Алексей Новиков-Прибой - В бухте Отрада (рассказы)
Я спросил Лезвина:
- Как же это так, Василий Николаевич? У него, наверно, есть жена, дети, родственники, бывают знакомые. Неужели ему не стыдно?
- У таких людей обезьяний стыд. Но не в этом дело. Хозяин этой ужасной квартиры - старый холостяк и знать не хочет ни дам, ни девиц. Живет он монахом и порицает тех мужчин, которые ухаживают за женщинами. Пусть медицина разберется в душе этого человека. А вот вам еще один экземпляр: свиты его величества адмирал Толстопятов. Добродушнейший толстяк. Ему безгранично нравится поварское искусство. Дома он часто снимает с себя сюртук, подвязывает фартук, засучивает рукава и начинает стряпать. Сам Пушкин с меньшим вдохновением писал свои стихи, чем Толстопятов приготовляет пищу. Изготовленные им блюда должны бы кушать только боги, а не люди. Он бывает невероятно счастлив, если знакомые приглашают его состряпать обед или ужип. Некоторые офицеры даже делают себе на этом карьеру. Но из пушек и снарядов никакого вкусного блюда не создашь. Поэтому и отношение этого адмирала к боевым кораблям очень прохладное. Да, Захар Петрович, всех чудаков не перечислить. Нет у нас таких флотоводцев, как Сенявин, Корнилов, Ушаков, Нахимов. Только адмирал Макаров держится на высоте. Но один, как говорится, в поле не воин...
- А Виктор Григорьевич Железнов? - спросил я и жадно впился глазами в барина.
- Этот адмирал тоже на месте, хотя и порядочный карьерист и хитрец. Но ведь таких очень мало. Наберется еще десять человек. А остальные высшие чины служат на флоте по какому-то недоразумению. Призвание у них совсем другое. Многие молодые офицеры честно хотели послужить своей родине. Но чему они могли научиться у этих господ? Проходило время. Молодежь разочаровывалась в своих мечтах. Их также охватывала зараза разложения. И мне этого не удалось избежать. Я тоже стал каким-то чудаком.

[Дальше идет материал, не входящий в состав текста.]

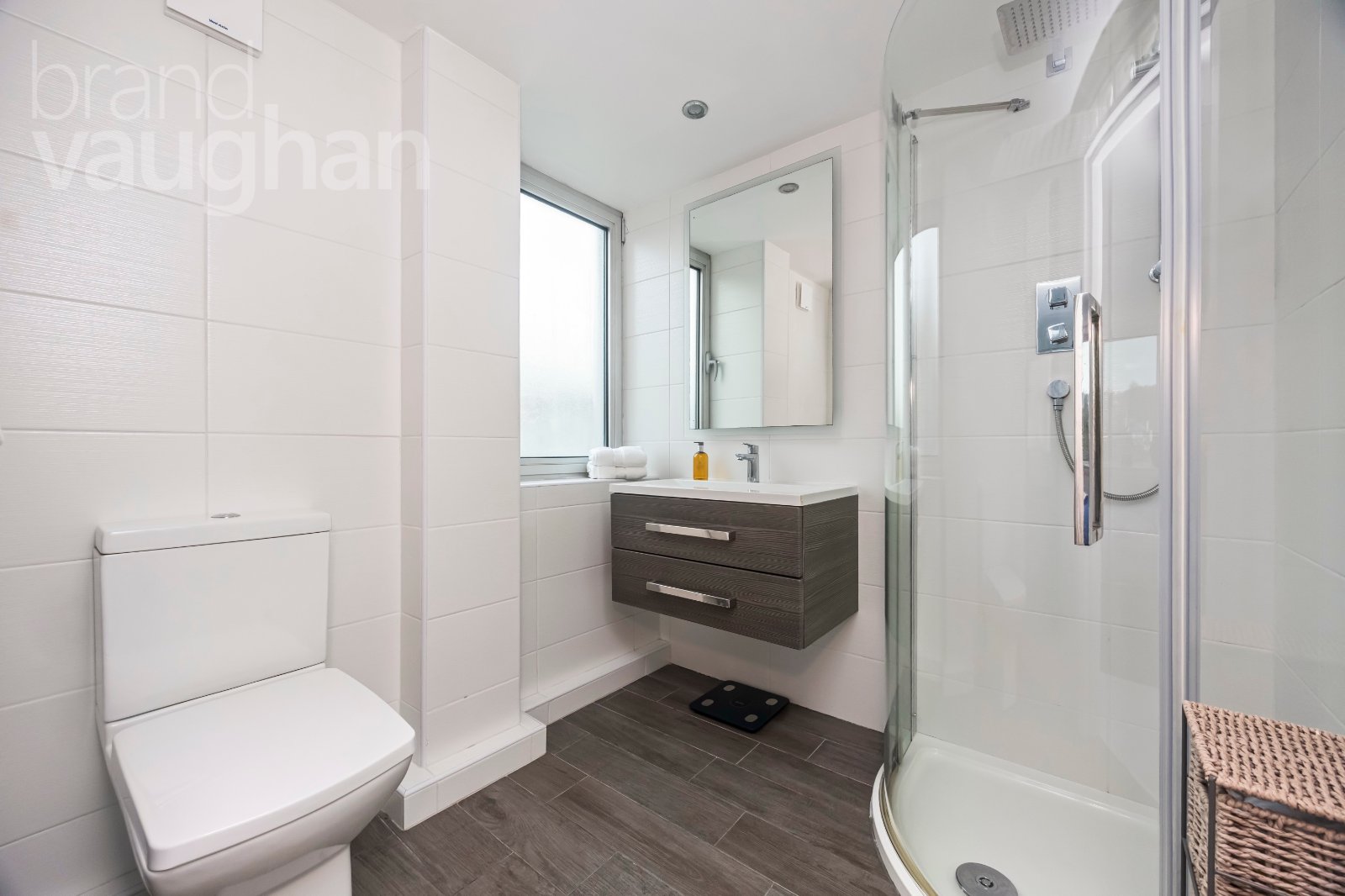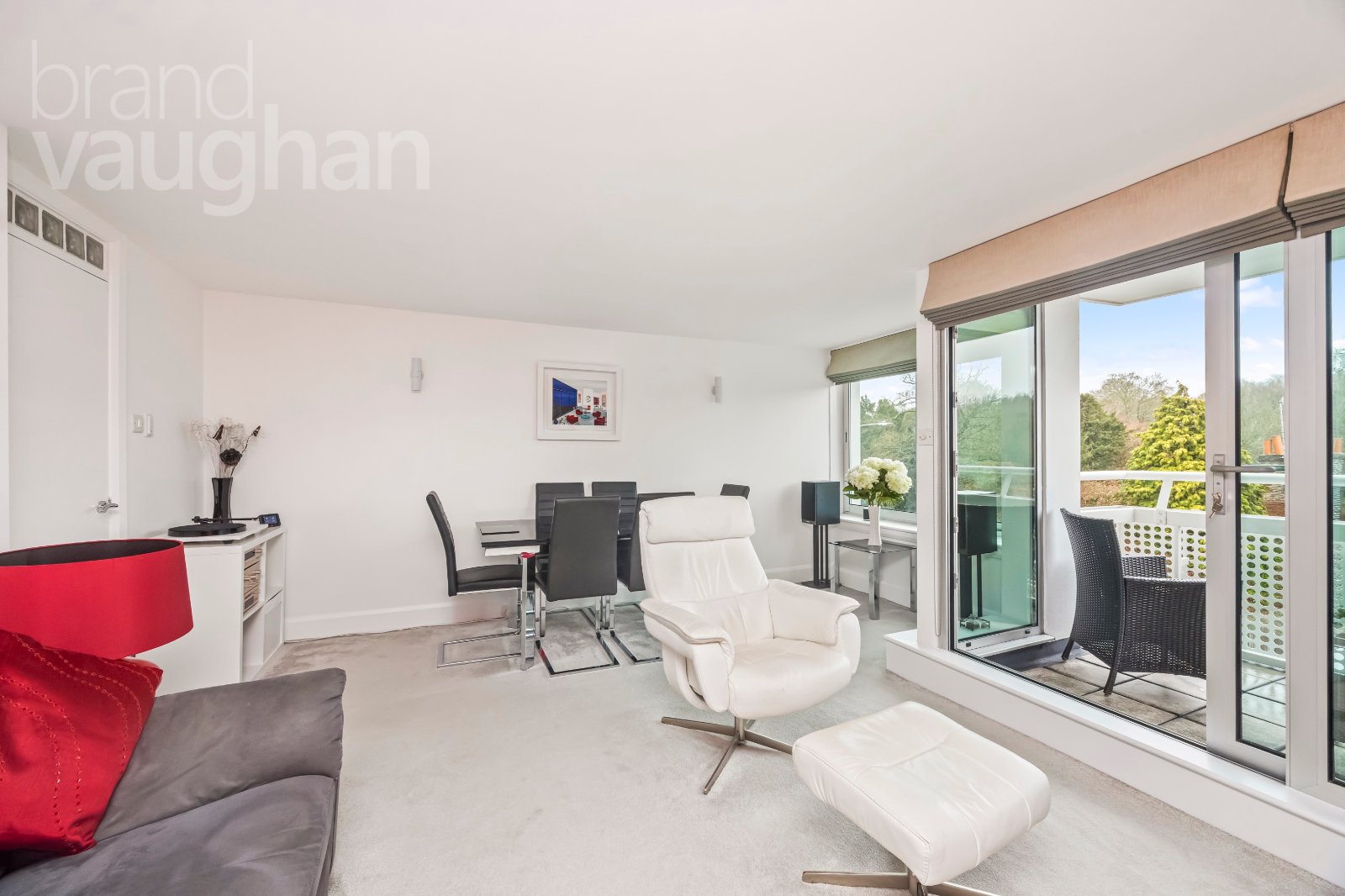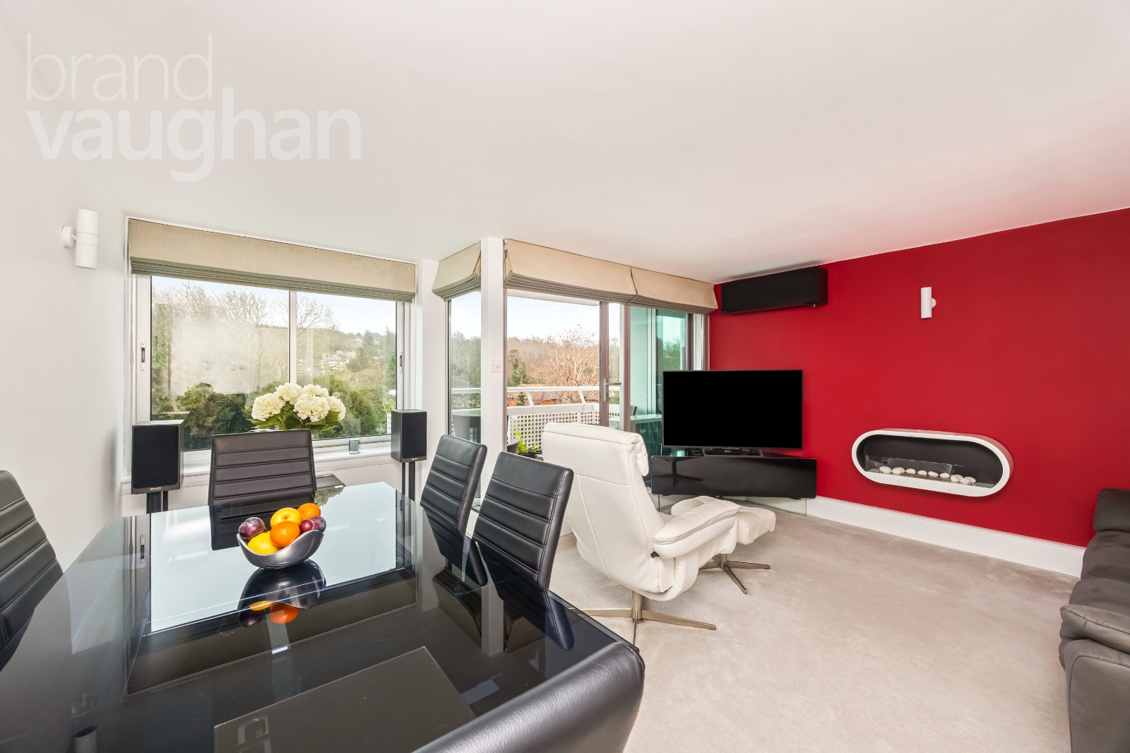 The living and dining room is a welcoming space, with a wall of double-glazed windows framing views across Withdean Park and towards Peacock Lane. There is ample room for both relaxing and dining, with doors opening onto the covered balcony, making it ideal for use throughout the year. Facing East and open to the South, the apartment enjoys plenty of natural light and changing seasonal views. Air conditioning is installed in this room, providing exceptional comfort in warmer months and a welcome luxury rarely found in properties of this type.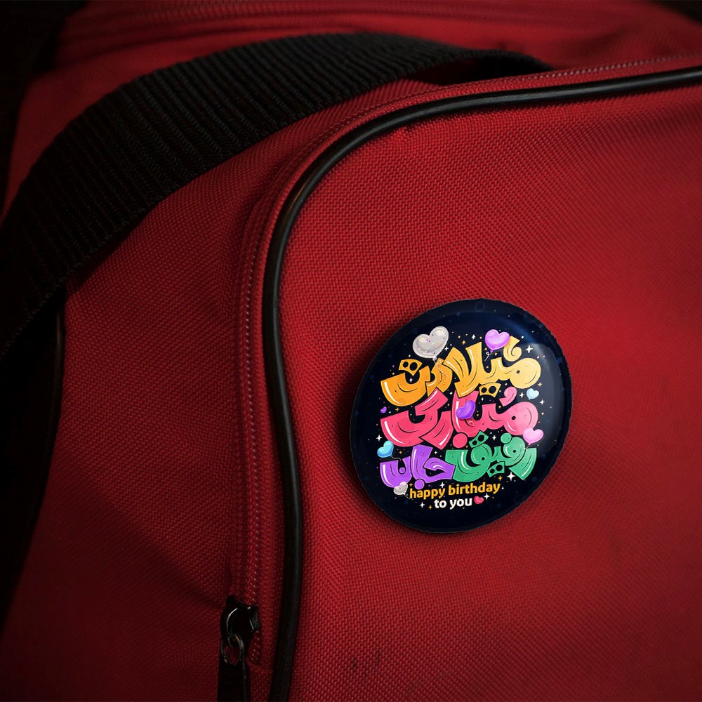 پیکسل 44 میلی متری تولد خندالو با روکش سلفون حرارتی مات مخملی ضدخش و قطعه پشتی رنگی تولید شده است.پلاستیکی پشت پیکسل با سوزن یک تکه ثابت و بدون لغزش و جا به جایی، ایستایی بسیار بهتری نسبت به پشتی فلزی پیکسل دارند که این مهم در تولید این محصول نیز رعایت شده است.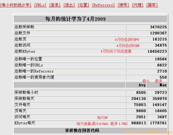 子站统计表,每月统计,IP,流量等。 (访问量与 51啦访问量统计有出入,相差一半)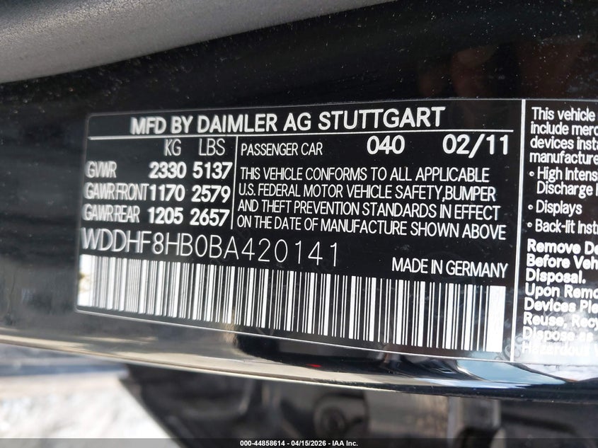 • WDDHF8HB0BA420141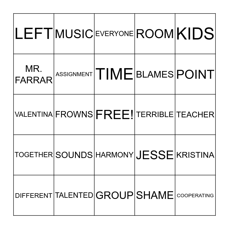 This bingo card has a free space and 24 words: SOUNDS, TALENTED, TIME, DIFFERENT, KIDS, LEFT, MR. FARRAR, MUSIC, TERRIBLE, HARMONY, BLAMES, VALENTINA, JESSE, KRISTINA, ASSIGNMENT, SHAME, TEACHER, EVERYONE, POINT, FROWNS, COOPERATING, TOGETHER, ROOM and GROUP.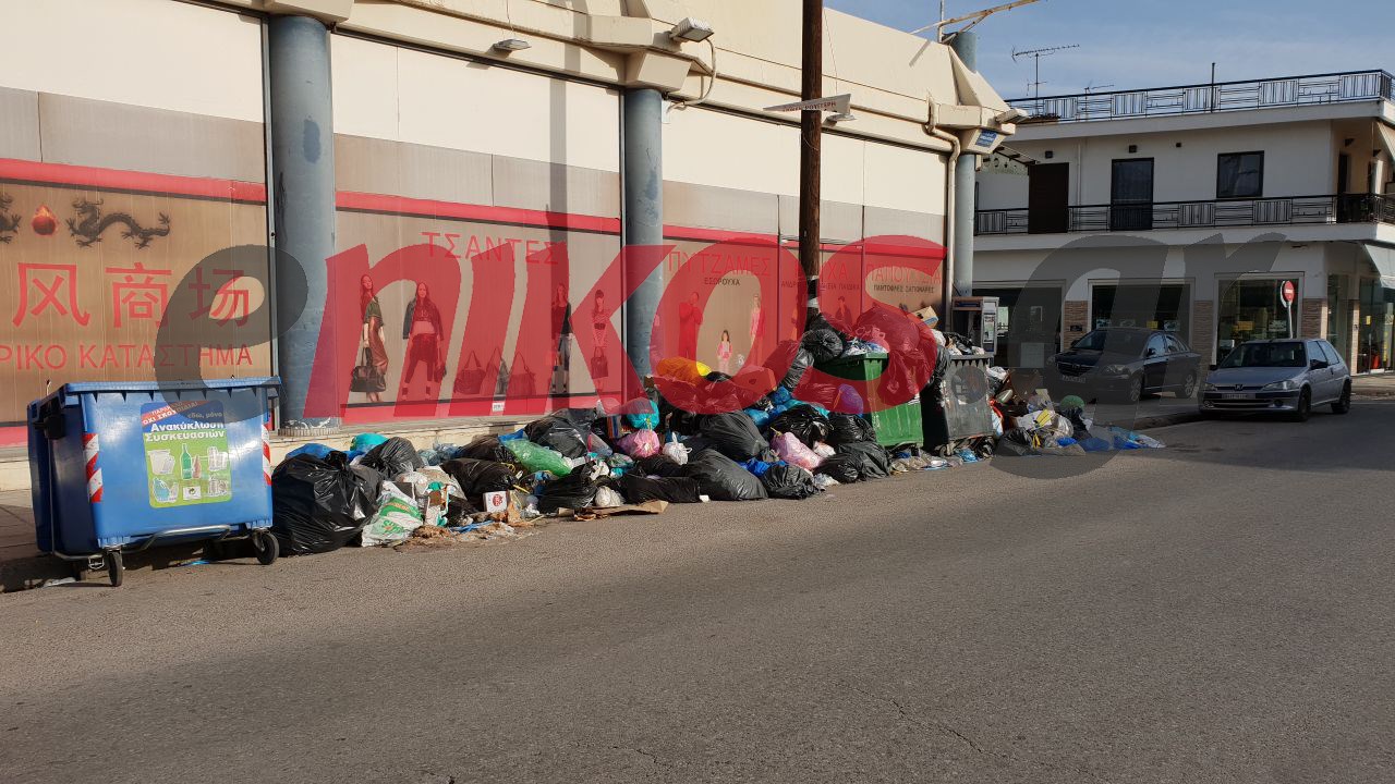Σε χωματερή έχει μετατραπεί το κέντρο του Αιγίου, καθώς “βουνά” σκουπιδιών έχουν δημιουργηθεί έξω από τους κάδους απορριμμάτων που βρίσκονται στην πόλη.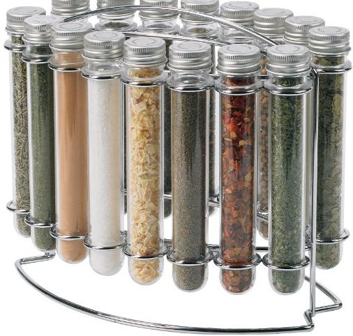 The Tube is a 16-bottle spice rack. It includes 16-tubes filled with savory spices. Rack made of steel. Tubes allow for easy, one-hand use. Requires minimal counter space.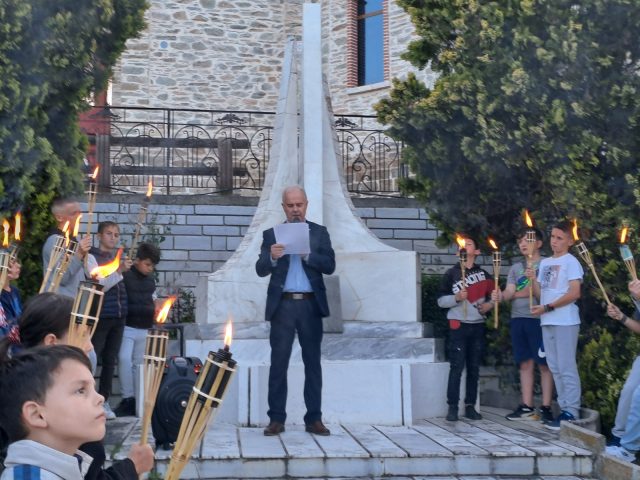 Έπειτα, ο Δήμαρχος Τεμπών σε σύντομη ομιλία του, αναφέρθηκε στην εξόντωση των Ελλήνων, Χριστιανών του Πόντου από τους Τούρκους και στον συνεχή αγώνα για να αναγνωρισθεί από την Διεθνή Κοινότητα, ως γενοκτονία, ο σφαγιασμός και οι θηριωδίες των Τούρκων κατά των Ποντίων. Μετά, όλοι μετέβησαν στην πλατεία “Ζήση Λιούπα”, όπου οι μαθητές άναψαν τα φαναράκια τα οποία υψώθηκαν στον ουρανό.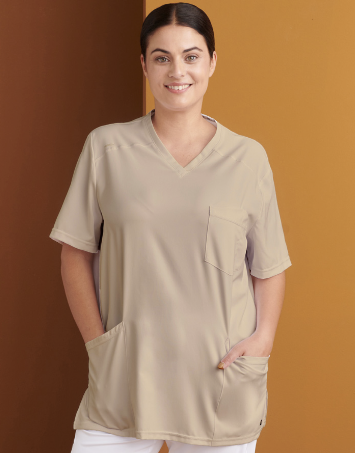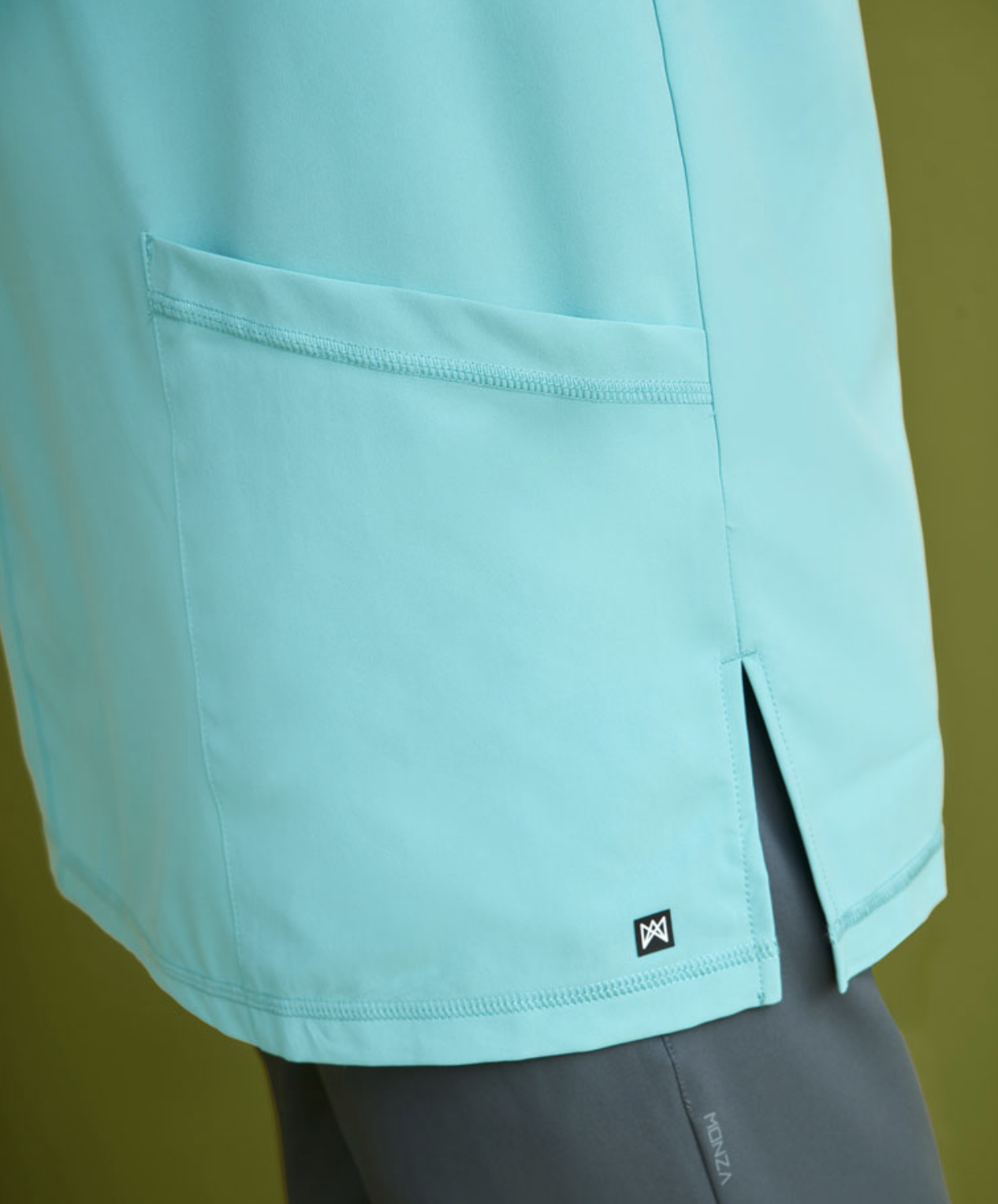 Esta casaca actualiza una pieza esencial del uniforme sanitario en una versión de inspiración deportiva sin abandonar los códigos de funcionalidad y comodidad que requiere el profesional. Su tejido elástico, suave y ligero, los bolsos compartimentados o el acabado antiestático, son muestra del confort y carácter funcional que ofrece.

Лезвии замолчал, нахмурился, но от волнения у него продолжали дергаться губы.
Мне было обидно за русский флот, и я сказал:
- Выходит, что морские воротилы служат во флоте только ради жалованья и чинов. И больше ничего. А боевой подготовкой кораблей и личного состава они так же интересуются, как быки молебном.
- Это сказано очень сильно и верно.
У барина лицо набухло, на висках вздулись жилы, брови надвинулись на глаза. Он потер лоб и задумался. Какая задача решалась в его голове? Как бы в ответ мне он заговорил хрипло, с горечью:
- Вот что, Захар Петрович, скажу я вам. Я уже написал на высочайшее имя докладную записку. Завтра же ее пошлю. Это мое последнее обращение. Все наши флотские недочеты, всю мерзость нашей морской службы я изложил на бумаге в самой резкой форме. И добавляю - это не мое только мнение, но и других передовых офицеров. Пусть почитают. А в конце ставлю вопрос: намерено ли правительство оздоровить наш флот? Если нет, то пусть выгонят меня вон со службы или посадят за тюремную решетку. Я соглашусь скорее сдохнуть под забором, как бездомная собака, но не хочу участвовать в позоре будущей войны...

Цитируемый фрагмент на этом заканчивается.